I mention the latter area because during my time there was no Intermediate
School in Mountain Ash, but a merry band of boys and girls used to travel
daily to Aberdare on the old Taff Vale Railway.
In 1904 the school was small, resulting in small forms of boys and girls,
under the Headmastership of the first Head, Mr. W. Jenkyn Thomas; the
following year Mr. W.R. Cox succeeded Mr Thomas, and the former remained
at the school until his retirement in 1937. We older Past Students like
to think of some of the old Masters who also remained at the school for
the whole of their teaching lives, - Messrs. W.R. Williams, Louis M. Thomas,
A.W. Elliot, Aubrey Roberts, Ogwen Williams and Timothy Davies. Happy
memories there are, too, of the Mistresses on the Staff, - Miss White,
Miss Rowlands, Miss Griffiths and Miss. Morris.
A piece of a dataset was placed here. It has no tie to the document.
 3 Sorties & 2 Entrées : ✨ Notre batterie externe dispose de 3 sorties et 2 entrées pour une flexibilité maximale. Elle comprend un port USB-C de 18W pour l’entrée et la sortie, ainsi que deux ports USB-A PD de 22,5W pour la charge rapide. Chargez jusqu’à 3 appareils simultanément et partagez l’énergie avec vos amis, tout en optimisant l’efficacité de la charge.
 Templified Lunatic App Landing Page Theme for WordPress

The social life of the school is not to be compared with the development
of later years. The boys played 'soccer' and the girls 'hockey'. We indulged
in poetry readings and in the performance (not public) of scenes from
some of the plays of Shakespeare. The 'pièce de résistance'
was the presentation of the short farce "Box and Cox" by members
of the staff, led by the late Mr. W.R. Williams.
The little school achieved its fair share of Academic Honours - it produced
a Fellow of the Royal Society, Honours Graduates of the University, and
throughout the years, right up to the present, these early beginnings
have been followed by a line of successes unique, long and varied.
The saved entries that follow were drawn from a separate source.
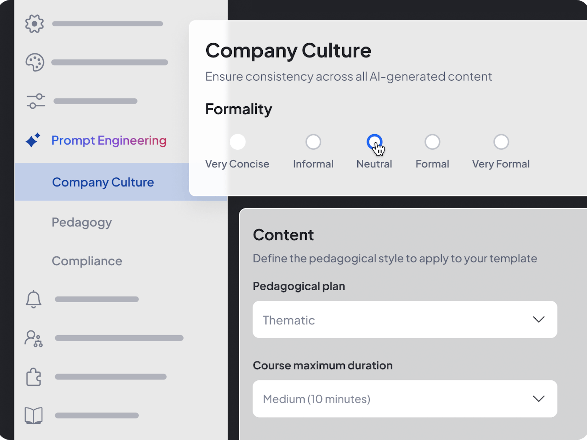 Decentralize content creation to internal experts with confidence via customizable prompts that meet company requirements, pedagogical strategy, and company policies.
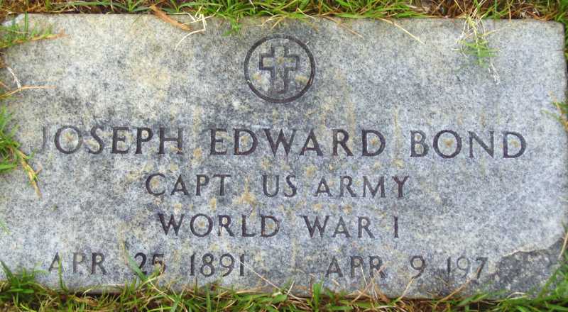 | BOND, JOSEPH EDWARD | APR 25 1891 | APR 9 1976 | "CAPT US ARMY" "WORLD WAR I" Christian Cross in circle emblem; stone damaged on death date |
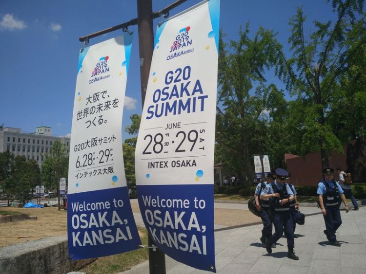 入夏的大阪,驕陽(yáng)燦爛,綠意蔥蘢,海風(fēng)輕拂路人。隨著峰會(huì)臨近,在大阪主要景區(qū)、酒店、商廈及干道,均可以看到帶有二十國(guó)集團(tuán)領(lǐng)導(dǎo)人大阪峰會(huì)元素的標(biāo)牌、海報(bào)和條幅。
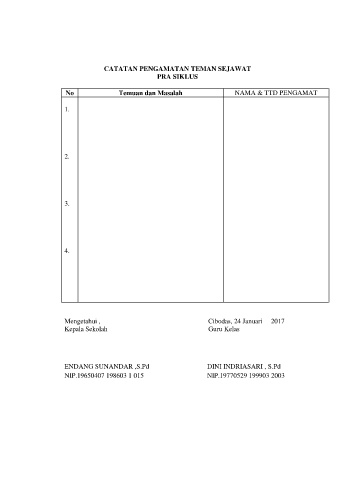 CATATAN PENGAMATAN TEMAN SEJAWAT

Aberdare may look with pride on the achievements of the boys and girls
of the school. Old Boys and Old Girls are found in every department of
public service, in the highest professions, in commerce and in industry;
and not in the annals of proclaimed success are the hundreds of men and
women following their daily callings, in home, office, factory, workshop,
all essential to our daily life.
It is with sorrow and grateful remembrance that we think of the sacrifices
of old pupils in the wars. Boys of the 1904 -1909 period gave their lives
in World War I, and many more in World War II. May the host of Old Boys
and Old Girls of our fine school combine always in a great determination
to bring peace to a world so torn with strife.
Present pupils will live long enough for further great anniversaries,
and I ask myself what glorious chapter of progress and success will be
unfolded twenty-five, fifty or seventy-five years hence.